Drydocks World, which owns the Middle East’s biggest shipyard in Dubai, expects to win contracts worth US$350m after a debt reorganisation agreement with lenders is completed, its chairman said.
“We have presently a number of letters of intent,” Khamis Juma Buamim said in an interview in Dubai today. Clients have told the company that, once the debt reorganisation is complete, the letters can be activated and they are mainly for “quite lucrative” projects, he said. “We are looking at an additional potential of US$300m to US$350m.”
Drydocks has proposed repaying creditors over five years as part of a plan it submitted March 8. It’s one of several Dubai companies seeking to reorganise debt after property prices and asset values slumped and credit markets froze at the onset of the 2008 credit crisis.
The company borrowed US$2.2bn in 2008 to finance two acquisitions in Singapore to gain ships and Asian shipbuilding sites. US$1.7bn was for three years at 170 basis points, or 1.7 percentage points, over the London interbank offered rate, and another US$500m was for five years at 190 basis points over Libor, according to data compiled by Bloomberg. The company says it expects to complete restructuring in July.
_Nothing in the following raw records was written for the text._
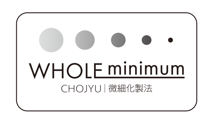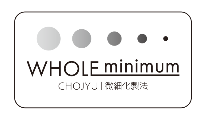 長寿乃里では、この微細化製法を用いた商品展開を「WHOLE minimum(ホール ミニマム)」プロジェクトとして推進します。今後、微細化技術を活用し、製品をまるごと微細化することに成功した製品には、順次この専用ロゴを記載していく予定です。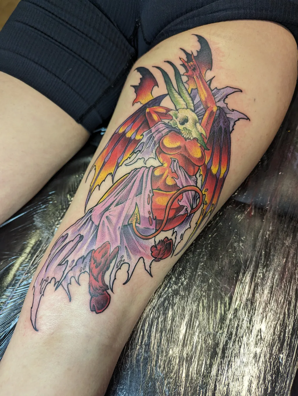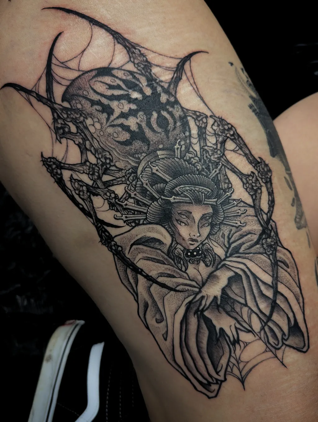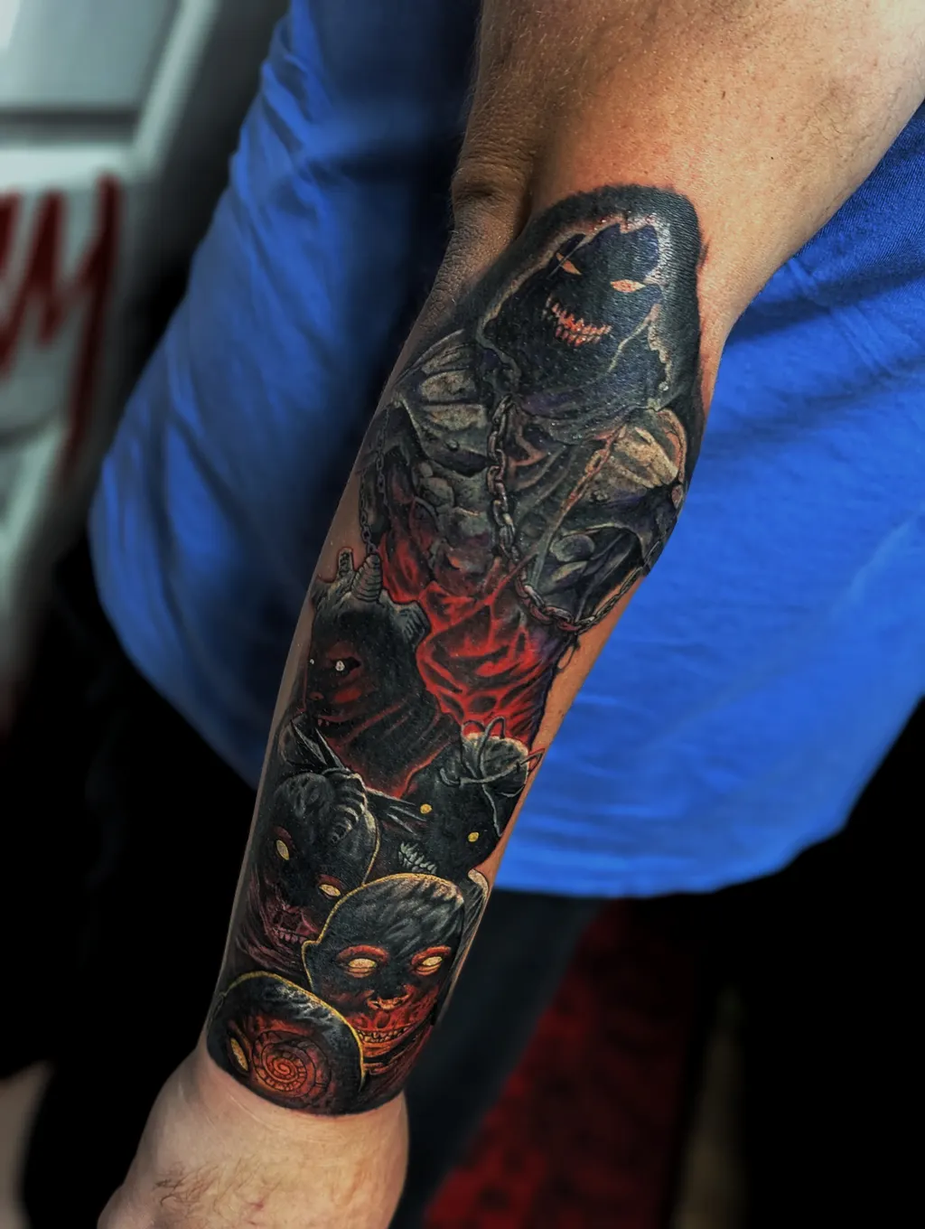 Godrot is known for his horror-inspired, illustrative work that blends eerie atmosphere with dynamic composition. From full-colour nightmares to striking cover-ups, his tattoos balance darkness, detail, and design in perfect unholy harmony.
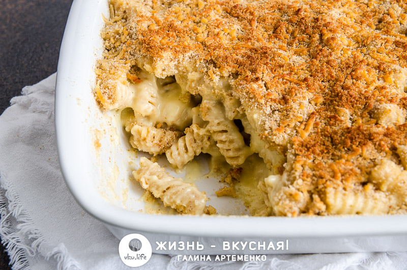- В форму для запекания выкладываю макароны в сырном соусе и разравниваю слой. Посыпаю макароны сверху смесью из сыра и панировочных сухарей. Отправляю в духовку под гриль на 3-4 минуты, пока корочка не зарумянится.

So far this year, Drydocks has won US$300m of contracts in Dubai for building and converting ships and is making “US$30m to US$35m a month” from its repair side, Buamim said. Areas on which it’s focusing include the Gulf of Mexico, the North Sea, the Arabian Gulf for its oil and gas industry and the Far East because of potential growth in exploration for hydrocarbons, he added.
Drydocks made a profit of US$125m before interest, tax, depreciation and amortisation in 2011 and Buamim said he “will not accept less than that” this year. The company cut costs by as much as 25 percent last year and wants a further reduction of as much as 15 percent in 2012, he added.